TeKoS () is a Flemish "Nieuw Rechts" (Nouvelle Droite) publication. It is published by Knooppunt Delta.

History and profile
As with other Nouvelle Droite publications such as its inspiration Éléments, the themes in TeKoS are related to European culture, European nationalism, anti-egalitarianism and ecologism. The magazine has a new right stance.
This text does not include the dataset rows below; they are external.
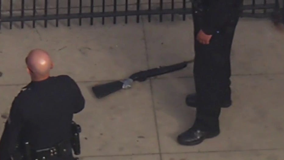 SkyFOX footage showed a long gun seemingly duct taped at the stock. LAPD confirmed that the suspect was shot by police and died at the scene.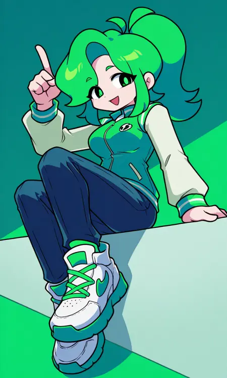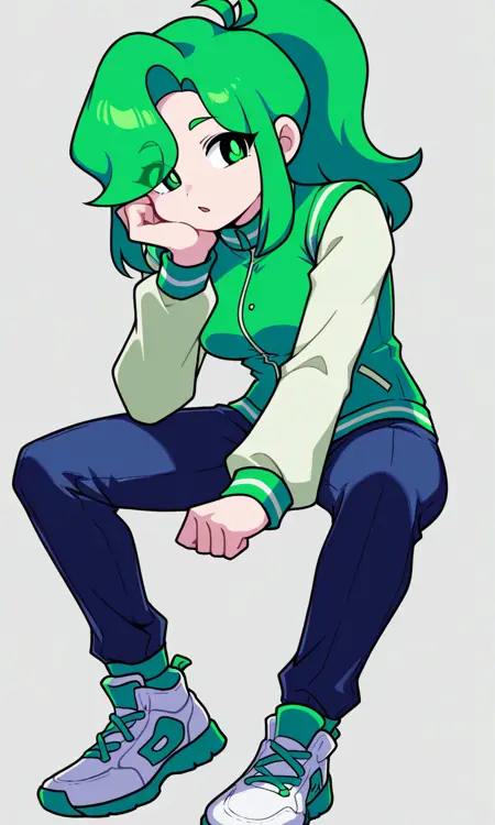| 학습된 단어 | Mitori, 1girl,green hair, green eyes,pants,long sleeves, shoes, white footwear,ponytail, jacket,layered sleeves, sneakers, green jacket,blue pants, short over long sleeves,bright pupils,letterman jacket,white pupils,hair over one eye,long hair, medium breasts,closed jacket복사됨! |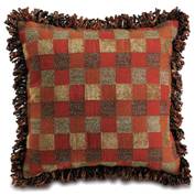 Checker board design fabric pillows used as accent pillows on loft sofa and used the same fabric as a throw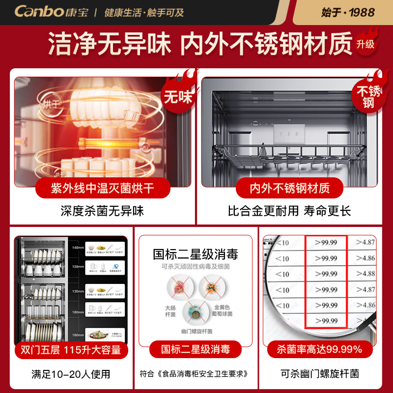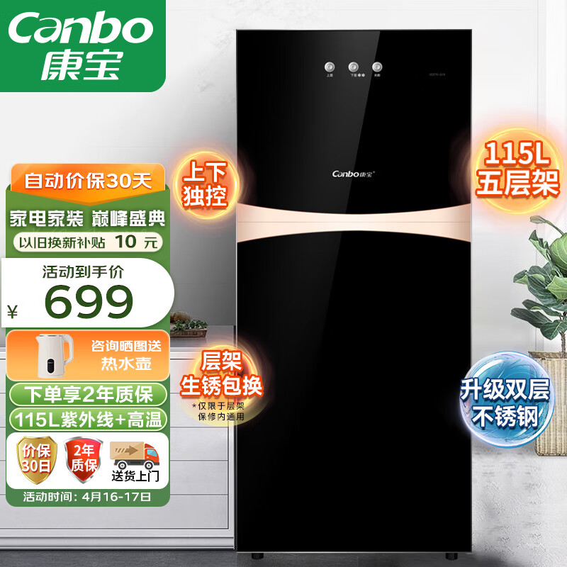 康宝(Canbo)消毒柜家用立式 小型双门消毒厨房碗柜碗筷收纳柜 母婴儿奶瓶茶杯消毒机器紫外线二星 XDZ115-G19价格:749.00元!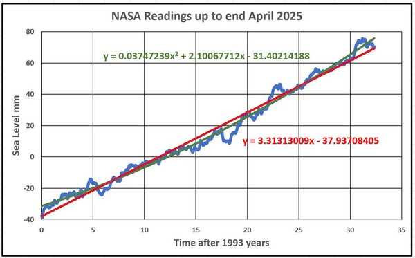Zunächst wurden die neuesten Daten der NASA geprüft. Leider gab es aus politischen Gründen eine Unterbrechung und zuvor einen Rückgang der Menge der veröffentlichten verarbeiteten Daten. Daher werden die Daten vom April 2025 verwendet, da dies der letzte Datensatz mit einer vollständigeren Form der Daten ist, den ich seit Beginn im Jahr 2018 analysiert und veröffentlicht habe. Abbildung 38 zeigt die Daten vom April 2025, auf die am besten passende lineare und quadratische Kurven angewendet wurden:

The editor-in-chief since its founding in 1979 is Luc Pauwels.

Co-editors:
1979: Hildegonde de Bois (until 1999), Marcel Deprins, Frans de Hoon (d. 1999), Paul Hendrik Leenaards (d. 1988), Karl van Marcke. 
1982: N.E. de Leeuw, Janus Meerbosch 
1985: Guy de Maertelaere
1989: Paul Janssen, Daan Goosen, Peter Logghe
1990: Erik Arckens (left 1999) 
1991: Koenraad Logghe (until 2001)
1992: Koenraad Elst (until 1995)
1994: Dirk Bollen (until 2000), Kurt Ravyts (until 1999), Piet Jan Verstraete
1995: Jan Creve (until 2000), Joris Smits
1999: Erik Martens 
2000: Jan Sergooris (until 2001), Frank Hensen, Arnout Collier
2001: Ingrid Berens, Wolfgang Goeminne, Marc Willems, Martine van der Heyden

See also
 Groupement de recherche et d'études pour la civilisation européenne

References

Literature
P. Commers, De Conservatieve Revolutie in Vlaanderen. Een kritische analyse van het Nieuw Rechtse tijdschrift Teksten, Kommentaren en Studies, Leuven, KUL, 1997.

External links
Official website
Nieuw Rechts in Vlaanderen. Het gedachtegoed van het Nieuw Rechtse tijdschrift ‘Teksten, Kommentaren en Studies’ (Sofie Delporte)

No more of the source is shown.